## DATA SUPPLIED
Content starts

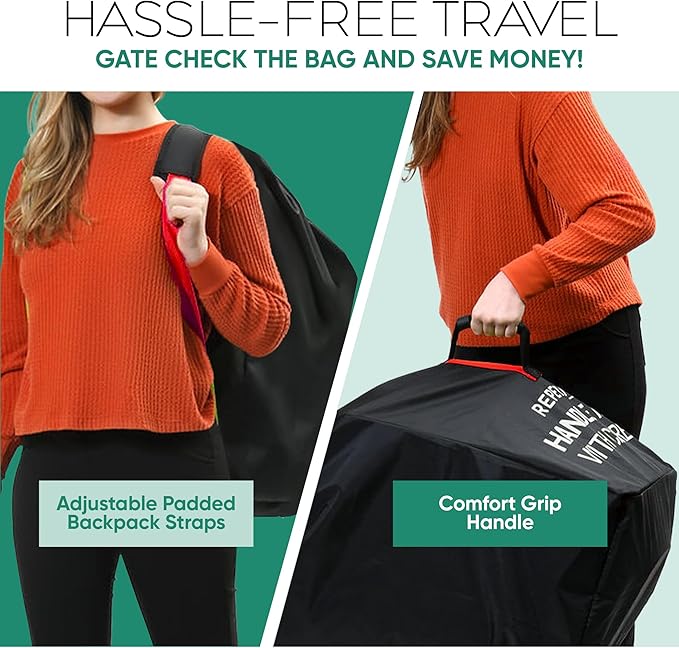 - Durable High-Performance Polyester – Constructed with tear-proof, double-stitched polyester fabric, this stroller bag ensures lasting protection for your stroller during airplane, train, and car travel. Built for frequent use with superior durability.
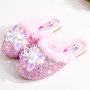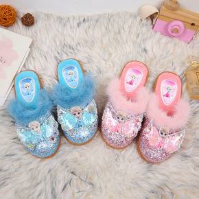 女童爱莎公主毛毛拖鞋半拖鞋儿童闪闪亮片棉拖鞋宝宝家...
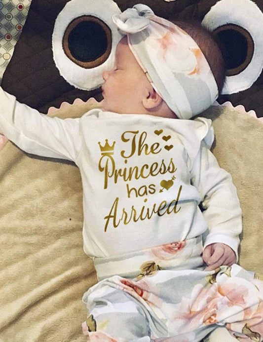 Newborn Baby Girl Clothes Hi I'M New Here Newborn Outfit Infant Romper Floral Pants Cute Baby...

Content ends
Content starts

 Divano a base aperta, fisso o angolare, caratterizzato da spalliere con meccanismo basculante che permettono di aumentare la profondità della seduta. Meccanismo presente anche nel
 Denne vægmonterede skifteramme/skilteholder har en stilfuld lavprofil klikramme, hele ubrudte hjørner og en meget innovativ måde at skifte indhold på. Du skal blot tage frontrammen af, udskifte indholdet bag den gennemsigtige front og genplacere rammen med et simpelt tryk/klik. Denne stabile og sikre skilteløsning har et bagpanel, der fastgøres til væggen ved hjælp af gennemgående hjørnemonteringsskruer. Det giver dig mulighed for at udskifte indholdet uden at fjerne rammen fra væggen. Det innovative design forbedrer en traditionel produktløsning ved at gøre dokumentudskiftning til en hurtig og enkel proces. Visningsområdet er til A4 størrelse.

Content ends

## PROBLEM DETAILS
Would you please repeat only the lines above, beginning at the one that has "- Durable High-Performance" and stopping after the one that has "Newborn Baby Girl", exactly and with no pictures?

## ANSWER FOR THIS EXERCISE
 - Durable High-Performance Polyester – Constructed with tear-proof, double-stitched polyester fabric, this stroller bag ensures lasting protection for your stroller during airplane, train, and car travel. Built for frequent use with superior durability.
 女童爱莎公主毛毛拖鞋半拖鞋儿童闪闪亮片棉拖鞋宝宝家...
 Newborn Baby Girl Clothes Hi I'M New Here Newborn Outfit Infant Romper Floral Pants Cute Baby...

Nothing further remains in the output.